Development of ELISA for detection of antibody to African swine fever virus
The P72 and P30 structural proteins of African swine fever virus (ASFV) were expressed in the prokaryotic system. The expressed recombinant proteins were purified by Ni-NTA column, and each protein was expressed at MW of 72 and 30 kDa, respectively, and they were all soluble proteins. The Western blot test showed that the two recombinant proteins can be recognized by positive pig serum from African swine fever virus infection. Another tested by the ELISA method, the P72 recombinant protein showed better antigen-antibody reactivity to ASFV-positive serum than P30. The P72 recombinant protein was purified and coated to the microplate to develop the indirect-ELISA method for African swine fever antibody detection. 1,163 African swine fever negative sera collected from Taiwan pig farms were used to test the efficiency of the homemade indirect-ELISA kit, and the imported ASFV-positive serum was selected as a control serum. The results showed that taking the mean of negative serum plus 3 folds of standard deviations (3SD) as the cut-off value (Cut-off), the specificity of homemade indirect antibody-ELISA was 97.5%. A commercial African swine fever blocking ELISA kit was used to test 255 African swine fever negative swine sera from domestic pig farms. The results showed that the specificity of the detection was 100%.

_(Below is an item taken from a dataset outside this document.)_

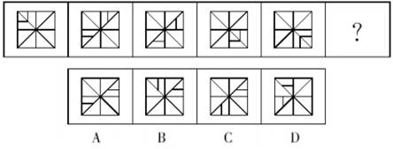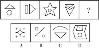 例2:从所给的四个选项中,选择最合适的一个填入问号处,使之呈现一定的规律性: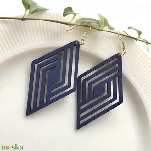 Fából készült fülbevaló, sötétkék rombusz mintával - Mesedoboz

Surveillance on Ephemeral Fever Virus Disease
Phylogenetic analysis of the surface glycoprotein (G) gene of 21 Taiwanese bovine ephemeral fever (BEF) virus isolates revealed that the identities of the nucleotide sequences ranged from 96.2% to 99.5%. Moreover, among the isolates identified in Hualien County, the isolates identified in 2019 were genetically more similar to the isolates from 2012 than those from 2014. Furthermore, the results suggest that the 2019 isolate strain came from the 1996-2012 endogenous groups. A cross neutralization test between the 2019 strain and the vaccine strain resulted in an R value of 0.88 b, indicating that the commercially available BEF vaccine still confers good protection against the 2019 strain. To evaluate the effectiveness of different adjuvants, available data from the BEF serological surveillance database were compared for four farms. Two weeks after administering vaccines adjuvanted with either phosphate aluminum gel or long-term W/O/W, the mean antibody titers were 142.03±35.39 and 430.54±257.25, respectively. The W/O/W-adjuvanted vaccine was more effective, not only eliciting 3.36X more antibody titers than the aluminum-gel, but also providing titers ≥ 4096 in 33.9% of vaccinated cattle. On the other hand, common side effects of this W/O/W adjuvanted vaccine included fever, anorexia for 2-3 days, and a drop in milk production in 5-9%of vaccinated cattle, with these side effects usually disappearing after 10 days. To try to minimize these side effects, one farm only administered a half dose booster shot to heifers. The heifers were found to be healthy and their mean antibody titer was 304.44±152.03 at day 81, which was roughly the same as the previous field tests where full doses were administered. We thus suggest that a reduction in either the volume of vaccine adjuvant, or the vaccine concentration administered in a single dose should make the new BEV vaccine safer as well as allow it to provide better lasting long-term immunity.